Crossing the Rubicon
“For me things started to change when I had to work with black people, as an equal,” he says of the time he spent working in South Africa’s VIP protection unit. Having been a racist, by circumstance, all his life the new challenge was both frustrating and a revelation to Nel.
“I had been in the Presidential Guard previously, which was all-white. I told my mother that they wanted me to work with black people.
“I never dealt with them on an equal footing. I did not understand them. Never had I interacted with my black colleagues but realised that they had lives each time I took them home at night or fetched them in the morning,” he says on realising that black people actually lived normal lives.

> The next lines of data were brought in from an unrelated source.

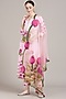 Featuring a blush pink kurta in mul satin base with hand paint. It is paired with matching swiss cotton pants and a silk organza dupatta.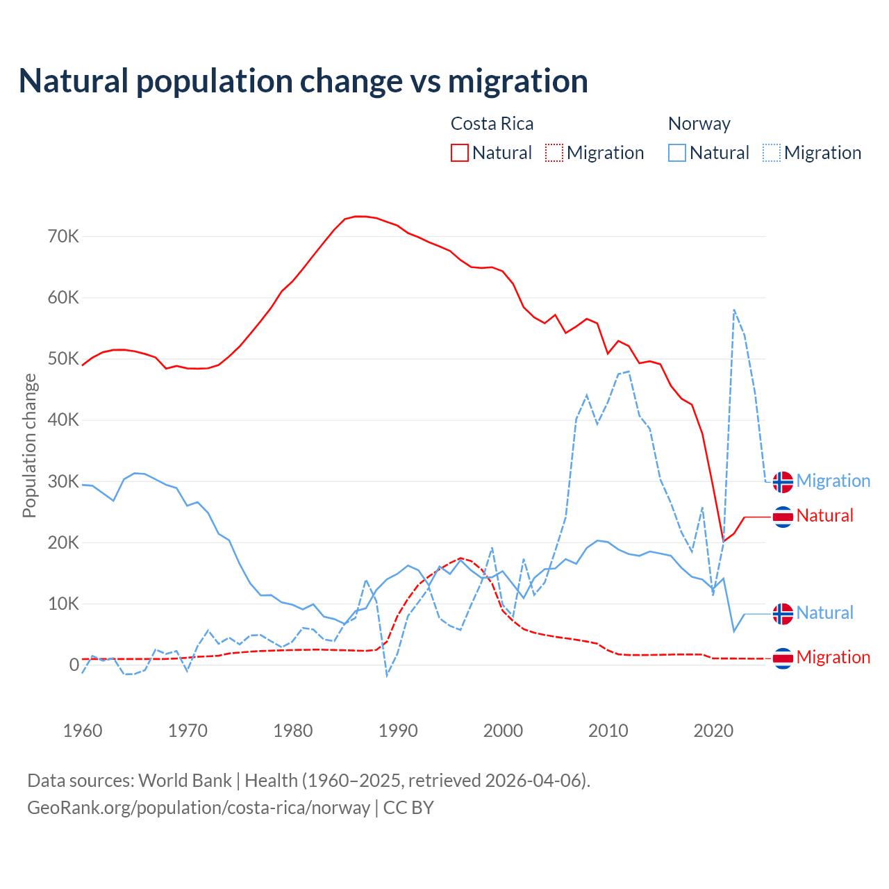 Over the last 10 years, 96.3% of the population change in Costa Rica is from natural causes (a gain of 362,624 people) and 3.69% is from migration (a gain of 13,900 people). In Norway 31.3% is from natural causes (a gain of 138,699 people) and 68.7% is from migration (a gain of 303,945 people).
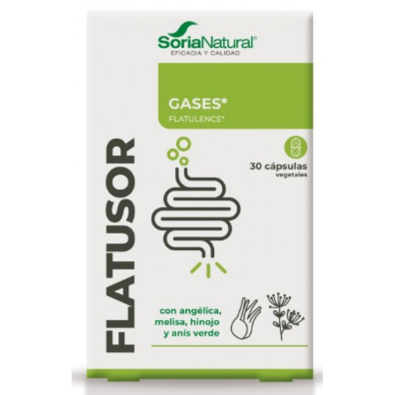 Flatusor de Soria Natural es un complemento alimenticio diseñado para aliviar los gases y reducir la hinchazón abdominal de forma natural y efectiva. Formulado con una mezcla de extractos vegetales de angélica, anís verde, melisa e hinojo, Flatusor trabaja para calmar el sistema digestivo y promover una digestión más cómoda y sin molestias.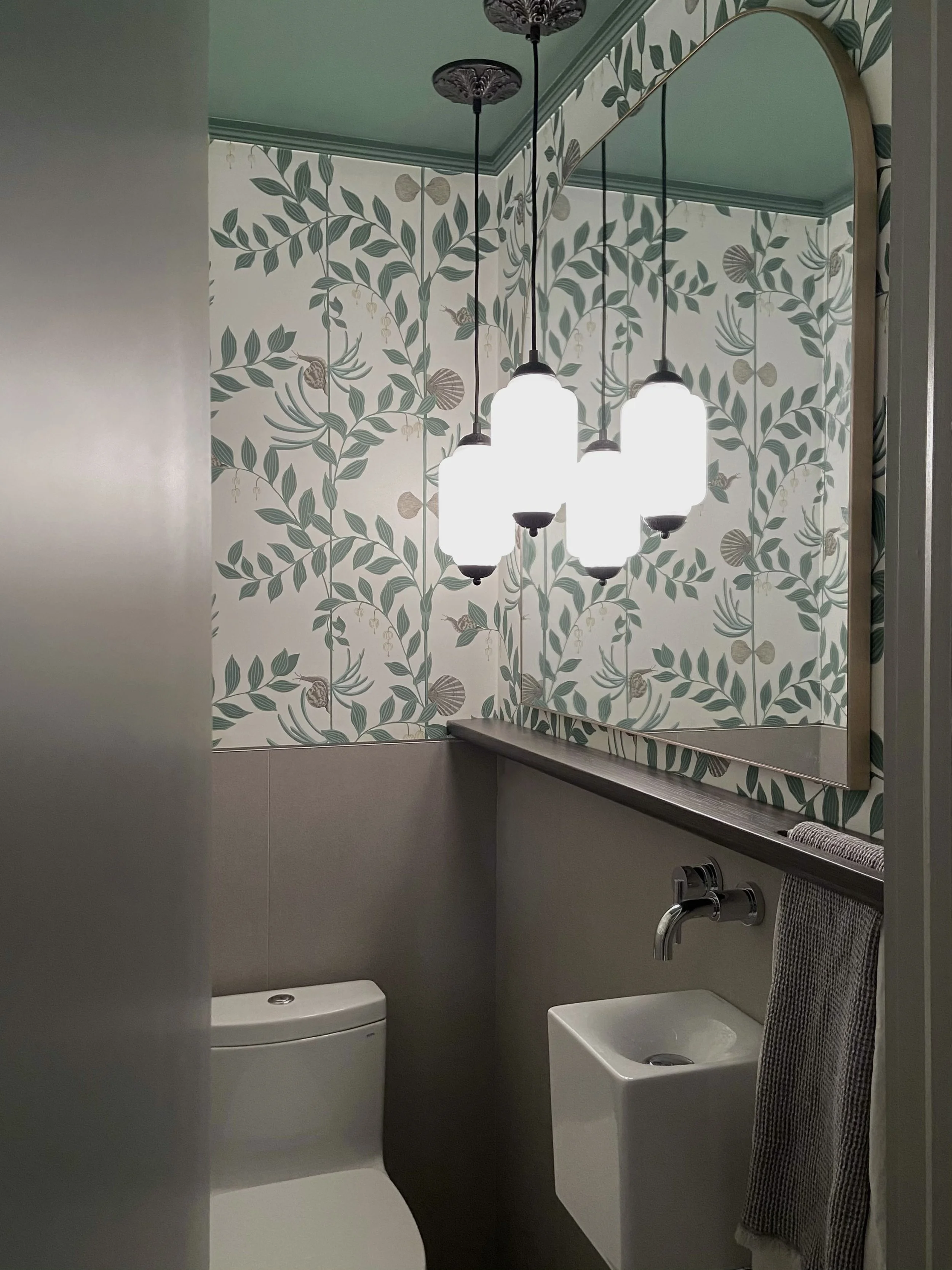 We transformed a compact 3’x5’ powder room into a hidden jewel, blending charming botanical wallpaper with earthy tones for a refreshing yet sophisticated feel. Every detail, from the custom floating shelves to the sleek, minimalist fixtures, was masterfully tailored to elevate the room’s small footprint.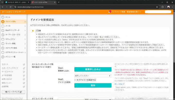今回はレンタルサーバで筆者が契約しているドメインのサブドメインを発行し、レコード設定もレンタルサーバのコントロールパネル上で行いました。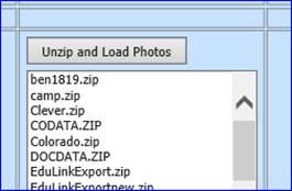 •Locate the zipped file, from the list, that contains your photos. Click on the filename and then on the “unzip and Load Photos” button.

Breaking down the stereotype
At this point questions started to rear in the back of his head. “Maybe I can eat with them.” He says that white parents were never racist but taught their children to live within the system and not to oppose it. Nel says: “People in South Africa hated each other because their lives were closed off to one another.

Madiba Magic
One night while providing protection to the country’s new leadership, Nel and his colleagues were shocked when President Nelson Mandela thanked each one of them with a handshake. This was for the service they had provided and the sacrifice of being away from the families. “In all the years that I’ve guarded the Apartheid leaders, I never saw such a gesture,” says Nel.

Recovering racist?
Nel says that for him racism is like alcoholism, “You’re never cured; the slightest provocation brings out that bad side. Like for instance when a black taxi driver swerves in front of me without signaling.” For him though this is the constant conflict in his head.

Coming Out
While he served in the police in the early 1990s, Nel also came out about his homosexuality. “After coming out of Police College I regularly frequented gay bars but I was careful, police who were found out to be gay were subject to ‘indoctrination’.

Changing uniform
Now that he’s changed his police uniform for civilian clothing, people in the township perceive him differently. Fear and loathing has been replaced by acceptance in these places which were once urban battlegrounds. “People, in the townships, are now actually talking to me where in the past they would look at me with mistrust,” says Nel.